Emulate’s offering includes instruments and accessories that helps make the organ chips easier to use and yield more reliable data; development kits; and software to help design studies and analyze results. The goal: making drug development faster, better, and cheaper. Here’s hoping they can achieve all three!

Streamlining drug development is greatly needed. According to the Wyss Institute, it can take a decade and over $3 billion to take a drug from lab to approval. And, because animals are an imperfect model of humans, there are times when drugs that are safe for use on animals don’t work so well on humans. Once they get to clinical trials, drugs may prove less effective, or even cause harm. Organs-on-a-chip replicate true human physiology. Deploying them will undoubtedly accelerate drug development.

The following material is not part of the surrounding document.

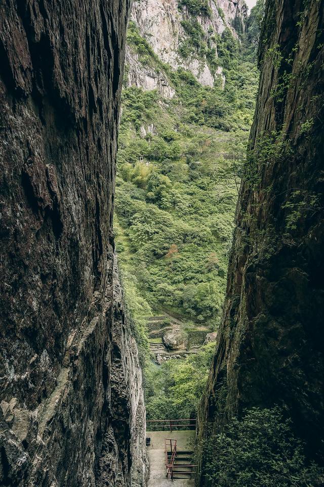 从金珠瀑的左侧步道登山,我们可以遇见一个不一样的 永嘉 书院,狭长的登山步道韵味有别于 永嘉 书院内的其余风景,这正是一线天登山步道。
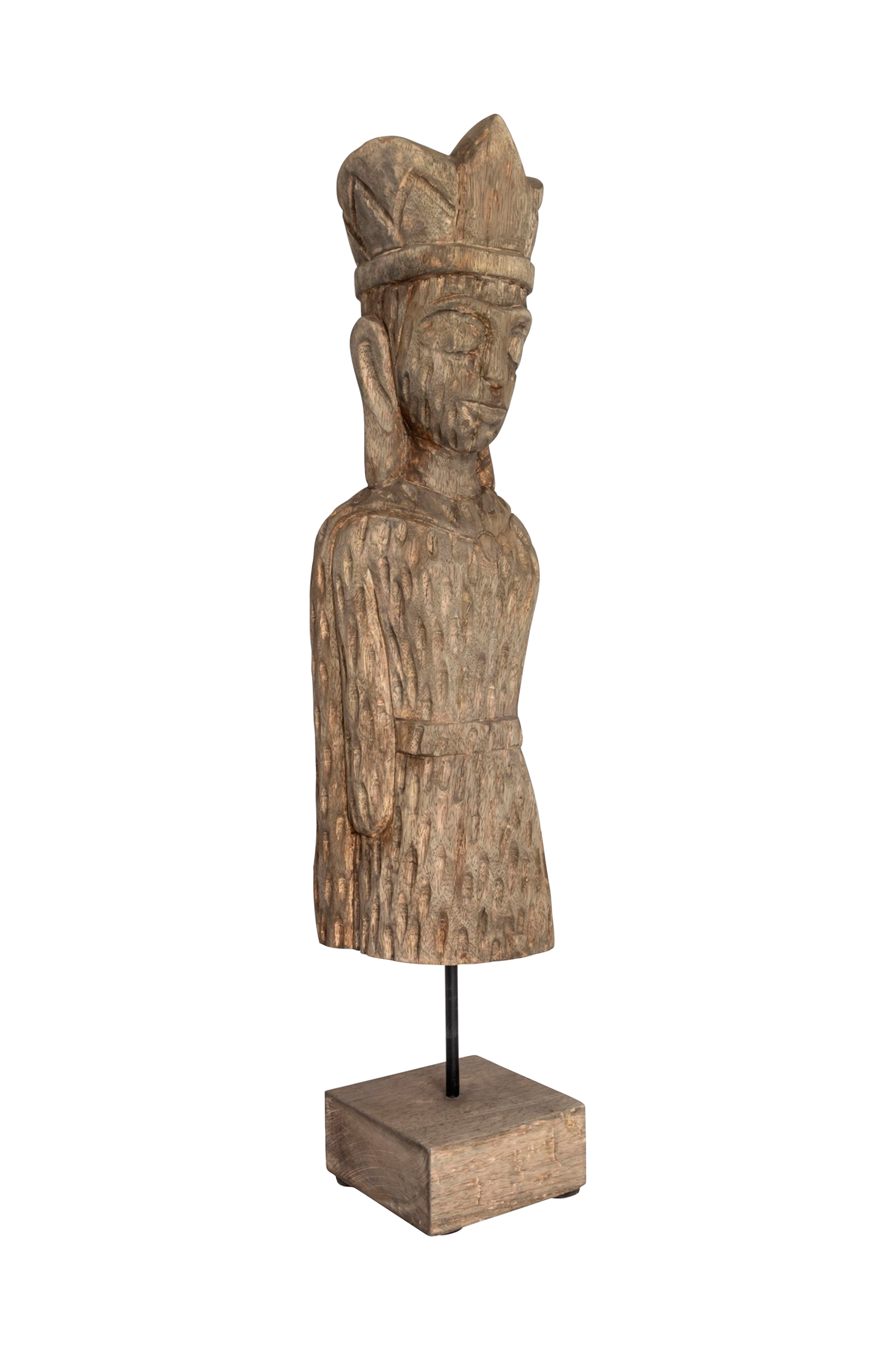 Dekorativ handgjord träfigurin. En dekorativ, handgjord prydnad tillverkad av ljust massivt trä med en rå och rustik finish. Perfekt för fönsterbrädan, skänken eller konsolbordet. Varje figur är handgjord, vilket innebär att variationer i utseende och färg kan förekomma, vilket gör varje figur unik.

Here’s how the Wyss Institute describes things:

“Organs-on-Chips” (Organ Chips) [are] microfluidic culture devices that recapitulate the complex structures and functions of living human organs. These microdevices are composed of a clear flexible polymer about the size of a USB memory stick that contains hollow microfluidic channels lined with living human organ cells and human blood vessel cells. These living, three-dimensional cross-sections of human organs provide a window into their inner workings and the effects that drugs can have on them, without involving humans or animals. (Source: Wyss Institute)

This chip doesn’t resemble the chips I’m familiar with, but I find them completely fascinating. And also heartening. So many of us have lost loved ones to devastating diseases. Not to get overly personal, but my mother died of cancer, my father of ALS. Technology that can speed up drug development, and make personalized treatments more possible – as organ chips promise to do – is so urgently needed, and so welcome. I’ve said it before, and I’ll say it again: I’m immensely proud to be part of an industry that does so much good for humankind.